3.2.2.2.2 Stress of the pipeline

Stress data along different positions of the pipeline under different landslide soil displacement distances are shown in Figure 9A. The stress on the pipeline increases with increasing landslide displacement. In the initial stage of the landslide, the pipeline stress at the top of the slope is significantly greater than that at the bottom of the slope. As the displacement of the landslide increases, the stress of the pipeline at the bottom of the slope increases rapidly and then exceeds the stress of the pipeline at the top of the slope. The section of pipeline approximately 10 m from the bottom of the slope also increases sharply with the increase in the displacement of the landslide, eventually exceeding the stress on the pipeline section at the top of the slope.

FIGURE 9

FIGURE 9. Relationship between pipeline stress and landslide soil displacement (SD): (A) stress at different positions of the pipeline, (B) maximum stress of the pipeline.

The maximum stress of the pipeline and the maximum displacement of the soil are shown in Figure 9B. When the pipeline crosses the landslide longitudinally, the maximum stress on the pipeline and the maximum displacement of the landslide have a three-stage relationship. In the initial stage of the landslide, the stress of the pipeline increases rapidly with the increase in the displacement of the landslide. With a further increase in the landslide displacement, the stress on the pipeline gradually increases until it reaches the strength limit of the pipeline.

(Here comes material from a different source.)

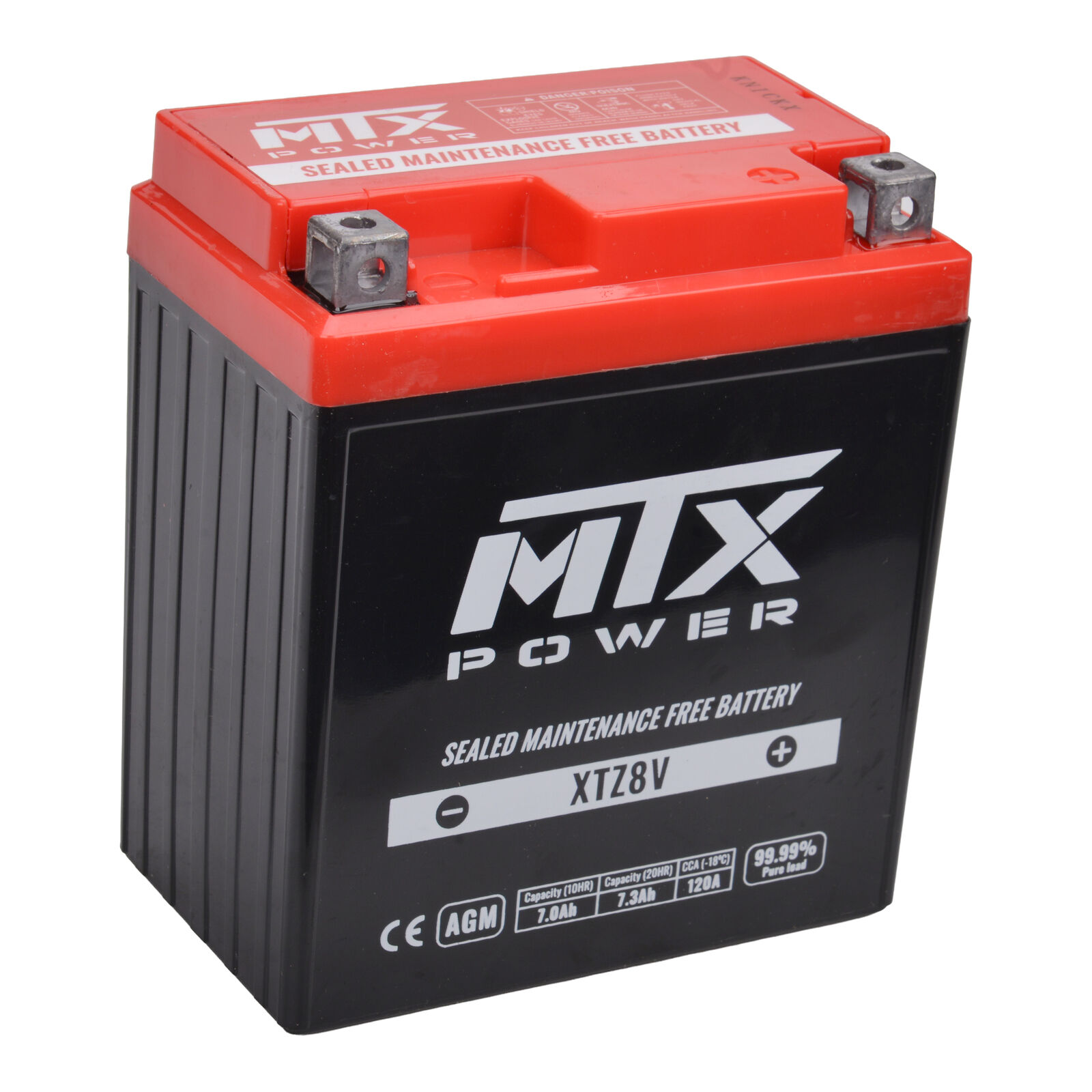 MTX Power's high-performance AGM battery boasts an install and go design. The use of the latest developed absorbed glass mat (AGM) material significantly improves the CCA and life-cycle of the battery. The new straight-through welding technology effectively reduces the internal resistance so the battery outputs much higher cranking power.

3.2.2.2.3 Strain of the pipeline

Figure 10A shows the axial strain data at different positions of the pipeline under different landslide soil displacement distances. It is evident that the variable pattern of the strain along the whole pipeline is similar to the stress pattern of the pipeline observed for the longitudinal orientation. In the early stage of the landslide, the pipelines at the top and bottom of the landslide have the largest strain. Moreover, the strain of the pipeline at the top of the landslide, which is the maximum strain area of the entire pipeline, is greater than that at the bottom of the landslide. As the displacement of the landslide increases, the strain on the pipeline at the foot of the landslide exceeds the strain on the pipeline at the top of the landslide, thus becoming the largest strain area along the entire pipeline. Moreover, the strain on the pipeline at approximately 10 m from the bottom of the slope increases rapidly, which exceeds the strain on the pipeline at the top of the slope, becoming the second largest strain area of the pipeline. The pipeline at the top of the landslide is the third largest strain area of the pipeline. The strain on the other sections of the pipeline is small. In other pipeline sections, the strain changes are not large, despite increasing landslide displacement. The relationship of the maximum strain on the pipeline and the maximum displacement of the landslide soil are shown in Figure 10B. The pipeline strain increases with increasing landslide soil displacement. There is a linear relationship between pipeline strain and landslide soil displacement, with a correlation coefficient of 0.25.

FIGURE 10

FIGURE 10. Relationship between pipeline strain and landslide soil displacement (SD): (A) strain at different positions of the pipeline, (B) maximum strain of the pipeline.

3.2.2.3 Mechanism of pipeline deformation

Where the pipeline crosses the landslide body laterally, it can be concluded from the stress, strain, and displacement data for the pipeline that the pipeline receives the largest force at the junction of the landslide body and the stable soil body, and it is most prone to damage. The mechanism driving pipeline damage when crossing the landslide laterally is mainly the combination of unstable and stable soil which acts on the pipeline. Consequently, the pipeline is subjected to excessive shear stress at the junction of the stable and unstable soil, causing pipeline damage.

When pipelines are oriented longitudinally to landslides, the effect of the landslide material on the pipeline is different at different locations along the pipeline. The pipeline section located at the top of the slope at the landslide trailing edge was mainly affected by the shear and tensile action of the soil, the pipeline at the foot of the landslide was mainly affected by the pressure of the soil, and the rest of the pipeline was affected by the friction and push of the soil. According to the data, with the development of landslide damage due to the accumulation of the landslide’s mass, the stress near the slope toe of the landslide increases rapidly, making that section of pipeline most likely to incur damage. Therefore, when the pipeline traverses the landslide vertically, the damage of the pipeline comes from the compression forces from the landslide body acting on the pipeline.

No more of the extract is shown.